In the past, boot-time operations, such as checking and mounting the filesystem, were relatively simple. Only a limited arrangement of hardware was supported, and connection or disconnection of devices while the power was on was not possible. The kernel always knew the number and type of disks, so the user-space boot process could simply check and mount them without difficulty.

Dealing with modern hardware

Today we have to deal with a very different world. Hardware, such as disk drives and input devices, can be connected to buses that support a near-unlimited number of devices in arbitrarily complicated topologies.

To make matters more interesting, these devices can be plugged in and removed at any time, and are not required to power up until they are going to be used. While this means that the kernel now receives interrupts when hardware changes, the initial discovery of connected hardware is more problematic; a probe can be sent, but there's no point at which we know we have received all the responses.

When we bring network filesystems into the equation, the problem gets even more difficult. Not only do we have to wait for responses from the server, the network interfaces themselves need to be configured; this may involve uploading firmware into the card, negotiating with a wireless access point, requesting an IP address from a server on the network, and logging in to a Web page to gain Internet access.

Some solutions do exist for these problems. For example, Ubuntu probes for likely hardware on which it will find the root filesystem, and then sits in a tight loop until the expected hardware appears. These kinds of tricks rely both on waiting in the boot process and knowing the hardware that we're waiting for. As users demand that their computer boots ever faster, waiting in the boot process is simply untenable. Knowing in advance the hardware we're looking for might seem prescribed, yet a lot of the more interesting features we'd like to introduce break this assumption.

We would like certain daemons, such the HP Linux Printing and Imaging System, to be only started then the associated hardware is actually available. This way users who have the hardware benefit, and users who don't are not penalized. More interesting ideas include only running podcast daemons while an iPod is connected, and so on.

The Linux kernel has become increasingly better at supporting hot-pluggable hardware, and with the introduction of udev and the kernel driver-core, user-space is now provided with information about the connected hardware, as well as notification of connection and disconnection. Yet, despite this, we still rely on a static set of shell scripts for the boot process which make assumptions about what hardware is available at what point in the boot process.

Other attempts to modernize the init system

Previous attempts at replacing the init system such as the LSB specification and initNG have largely been focused on automatically determining the order of these scripts, both to ease the task of the developer, and to allow parallel start-up of scripts to reduce boot speed.

Other systems such as Solaris SMF and runit were instead designed to tackle service management problems, allowing a system administrator to query the state of, and change the set of, running services.
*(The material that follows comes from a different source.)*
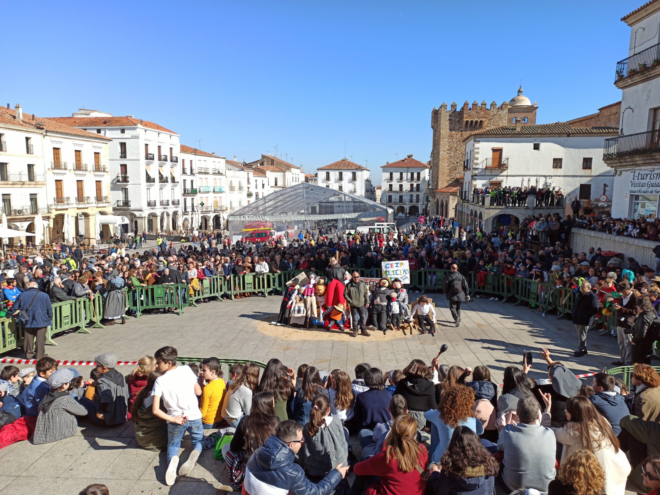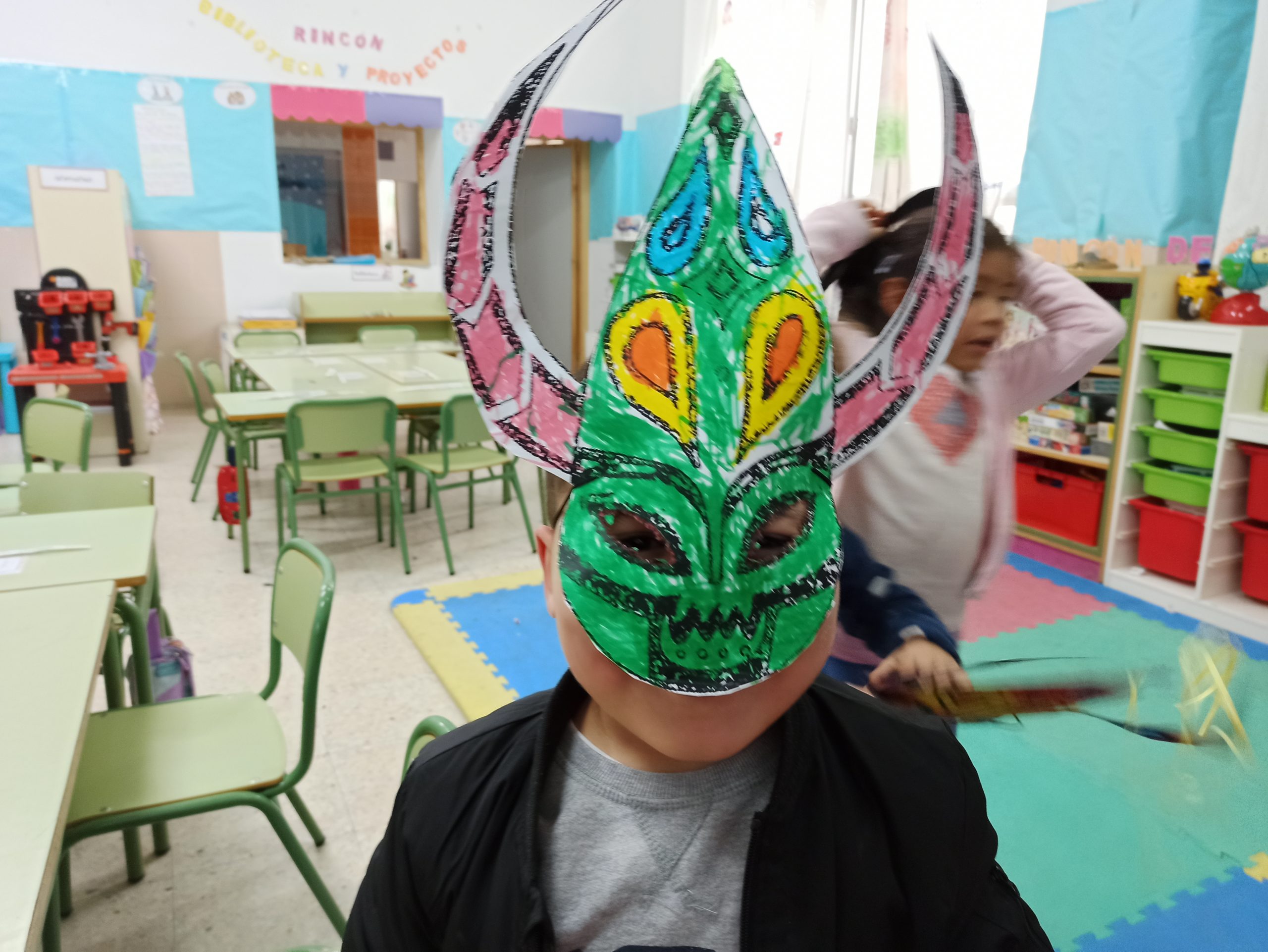 Entre cinco han tenido que sujetar la máscara ya que pesa un poquito.

Finally, Apple's launchd solves neither of these use cases and instead provides a single daemon that replaces the traditional Unix services of init, cron, inetd, and so on.
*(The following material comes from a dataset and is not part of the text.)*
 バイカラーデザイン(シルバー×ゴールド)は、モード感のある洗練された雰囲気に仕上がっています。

None of these systems tackled the problems we wanted to solve. We wanted an init daemon that allowed the selection and order of scripts to be determined not just by information in the scripts themselves, but by events coming from outside the init system, in particular udev. In fact, what we wanted was an init sequence driven entirely by these events and those of its own making.

To avoid reinventing the wheel, we first looked at how much effort it would be to use of modify the existing replacements to be able to do this. Sun SMF and Apple launchd were immediately ruled out due to licence issues. It was important for us that the solution be uncontroversially free so that other distributions might adopt it; many had already rejected these for GPL incompatibility reasons.

InitNG received a lot of study, including wondering whether our problems could be solved by dependencies on scripts that waited until released by udev events, however we felt that it was no better a solution than what we had already. The same solutions could be implemented with our existing init scripts using the features introduced in the LSB specification without replacing the init daemon itself.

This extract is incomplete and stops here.